Safety-critical scenarios are essential for evaluating autonomous driving (AD) systems, yet they are rare in practice. Existing generators produce trajectories, simulations, or single-view videos—but they don’t meet what modern AD systems actually consume: realistic multi-view video. We present SafeMVDrive, the first framework for generating multi-view safety-critical driving videos in the real-world domain. SafeMVDrive couples a safety-critical trajectory engine with a diffusion-based multi-view video generator through three design choices.
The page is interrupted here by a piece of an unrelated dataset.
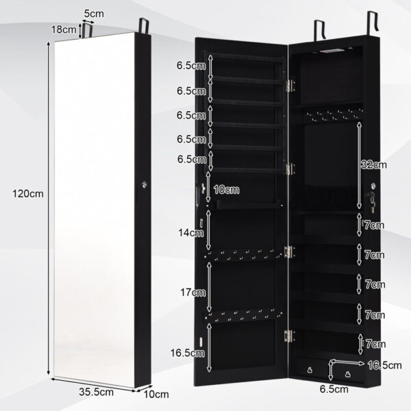Keep Various Jewelry Organized: With 120 earring slots and 36 earring hole, 36 hooks for bracelets and necklaces, 98 ring slots, storage pouch, 5 shelves and 2 drawers, this mirror jewelry cabinet perfectly stores various jewelries. Besides, the partitioned design ensures tidy organization and avoids tangle.Full-length Dressing Mirror: Measuring 35.5cm x120cm(W x H), this led jewelry organizer offers large full-length mirror to let you check your look from head to toe. Moreover, mirrored design brings 2-in-1 use, and the armoire organizer is suitable for bedroom, dressing room, and many other occasions.Wall & Door Mounted Available: The mirror jewelry armoire can be hung on the door with the provided hooks, greatly saving space. Additionally, the complete kits allow you to install the makeup armoire on the wall as you like. Coming with easy-to-follow manual, the assembly can be completed quickly.Lockable Cabinet with Auto Light: The package includes 2 keys to allow you to lock the door, preventing dust, falling and improving security. The led lights(powered by 2 AA batteries, not included)turn on and off automatically with the door, letting your jewelry shining and helping you easily get the exact jewelry.Quality Material & Easy Clean-up: The frame is made of high quality MDF, ensuring excellent sturdiness and durability to hold your treasures and last for long time. The soft velvet lining effectively prevents friction and collision, providing protection for jewelry. The glass mirror is easy to be cleaned to save hassle.Wall-mounted Jewelry Storage Cabinet Door Hanging Jewelry Armoire w/ Full Mirror DescriptionDescription:Solve your jewelry storage problem with our mirror jewelry cabinet.This mirror jewelry cabinet provides large capacity to store various jewelries well organized and offers led lights to help you sort and get your jewelry. Moreover, comes with lock and keys to add safety and the inner soft velvet brings extra protection. This armoire organizer is perfect for different situations and allows you to hang it on the wall and door to fit your space. You can check your makeup before going out with the large full-screen mirror.Get one for more convenient daily beauty routine.Features:Provide plenty of room for earring, necklaces, braceletsLockable design to prevent accidental opening and improve safety2 LED lights helps you conveniently find jewelry as you wantFull-length mirror offers you a head-to-toe view of your outfitCan be hung on the door and wall according to your needsPerfectly match with different decoration styles with its lookCrafted with premium material for long time serviceSpecifications:Colour: BlackMaterial: MDF+ GlassOverall Dimensions: 35.5cm x 10cm x 120cm (L x W x H)Net weight: 10kgPackage includes?1 x Mirror Jewelry Cabinet2 x Hanging Hook1 x Pack of Accessories1 x User GuideFeaturesColour:BlackType:Wall MirrorShape:RectangularMounting:Wall MountedFeatures:Infinity Mirror, LED Lights, With StorageMaterial:WoodFrame:With FrameProduct TagsHanging

First, we pick the right adversary: a GRPO-fine-tuned vision-language model (VLM) that understands multi-camera context and selects vehicles most likely to induce hazards. Second, we generate the right motion: a two-stage trajectory process that (i) produces collisions, then (ii) transforms them into natural evasion trajectories—preserving risk while staying within what current video generators can faithfully render. Third, we synthesize the right data: a diffusion model that turns these trajectories into multi-view videos suitable for end-to-end planners. On a strong end-to-end planner, our videos substantially increase collision rate, exposing brittle behavior and providing targeted stress tests for planning modules. Our code and video examples are available at: https://iclr-1.github.io/SMD/.

Disclaimer
This report is AI-GENERATED using Large Language Models and WisPaper (A scholar search engine). It analyzes academic papers' tasks and contributions against retrieved prior work. While this system identifies POTENTIAL overlaps and novel directions, ITS COVERAGE IS NOT EXHAUSTIVE AND JUDGMENTS ARE APPROXIMATE. These results are intended to assist human reviewers and SHOULD NOT be relied upon as a definitive verdict on novelty.
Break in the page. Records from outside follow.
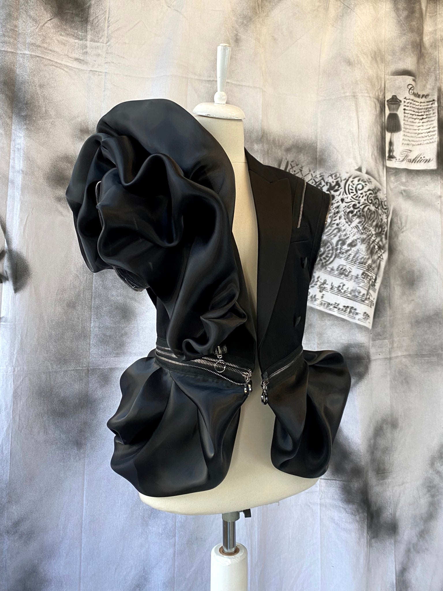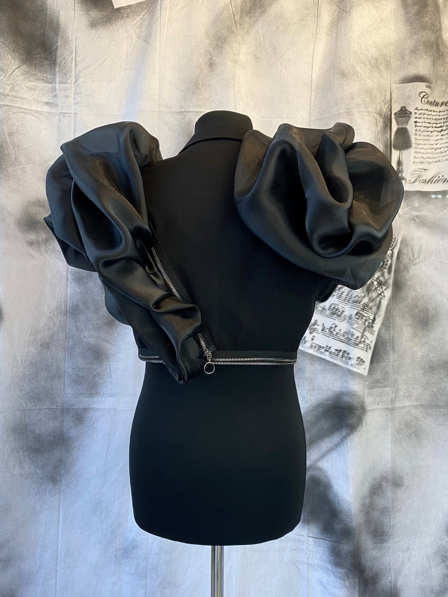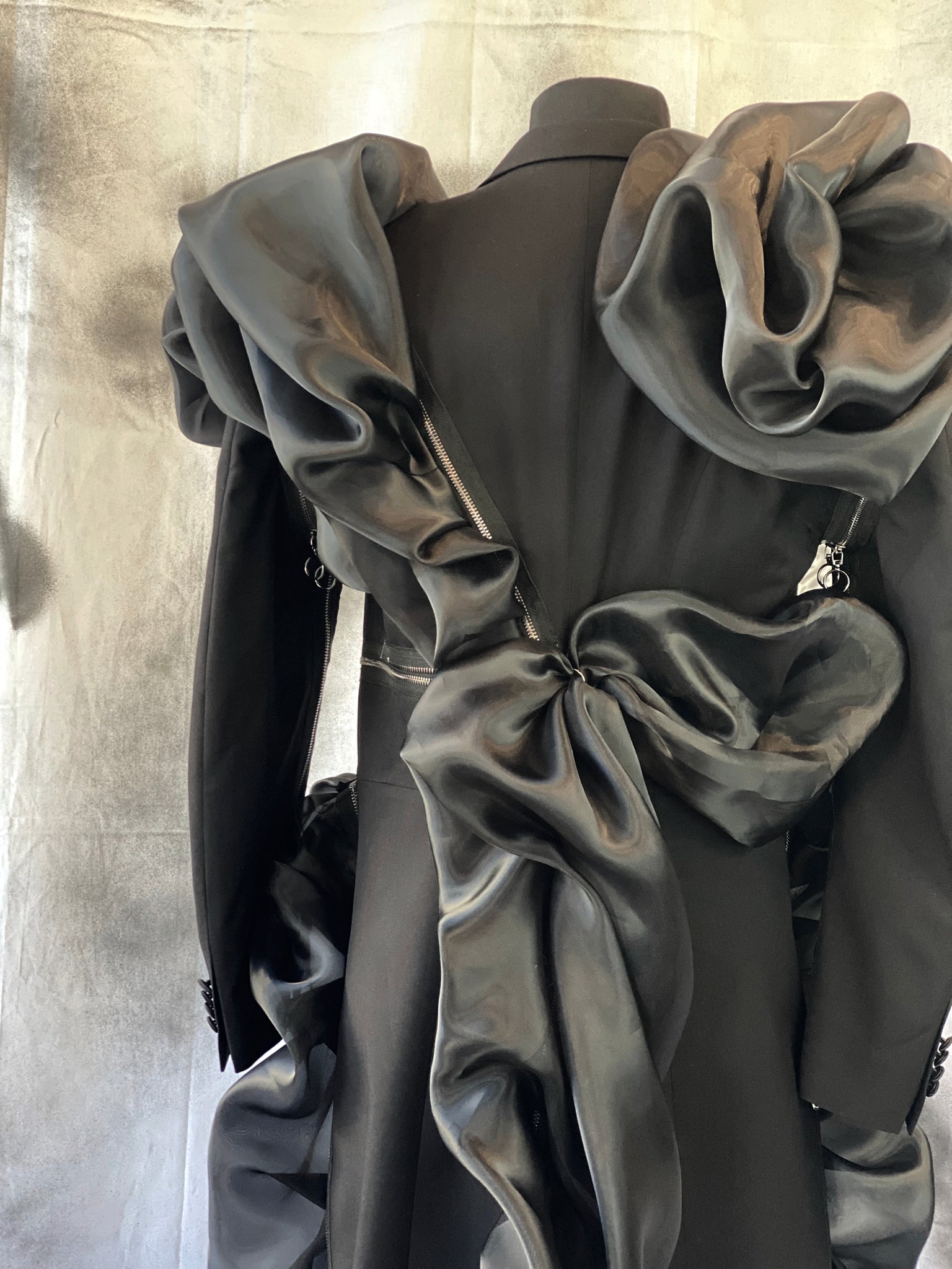 Puzzle Tailcoat With Organza Details And Metalic Zippers
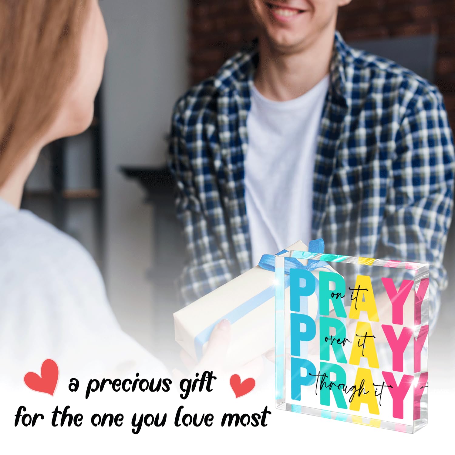Appropriate Size: The 4"x4" square acrylic ornament is of appropriate size. It’s perfectly sized to add elegance to your favorite small space, making it an ideal choice for your desk. Additionally, it comes with a gift box and a ribbon.
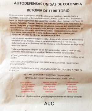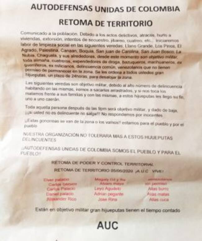 Con el título “Autodefensas Unidas de Colombia Retoma el territorio” apareció un panfleto durante el fin de semana en al menos 10 veredas del municipio de Salento en el Quindío donde anuncian limpieza social por el incremento en la delincuencia.

NOTE that some papers exist in multiple, slightly different versions (e.g., with different titles or URLs). The system may retrieve several versions of the same underlying work. The current automated pipeline does not reliably align or distinguish these cases, so human reviewers will need to disambiguate them manually.
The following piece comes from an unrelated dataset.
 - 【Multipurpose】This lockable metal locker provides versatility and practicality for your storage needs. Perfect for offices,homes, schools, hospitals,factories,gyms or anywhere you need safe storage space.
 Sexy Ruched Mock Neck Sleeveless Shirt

If you have any questions, please contact: mingzhang23@m.fudan.edu.cn

Overview

Overall Novelty Assessment

SafeMVDrive introduces a framework coupling adversarial trajectory generation with diffusion-based multi-view video synthesis for safety-critical driving scenarios. It resides in the Safety-Critical Scenario Video Synthesis leaf, which contains four papers including the original work. This leaf represents a focused research direction within the broader Multi-View Driving Video Generation Frameworks branch. The taxonomy reveals this is a moderately populated niche: while general multi-view generation has multiple sub-directions (layout-guided, world-model-based, instance-aware), the safety-critical video synthesis cluster remains relatively compact, suggesting an emerging rather than saturated area.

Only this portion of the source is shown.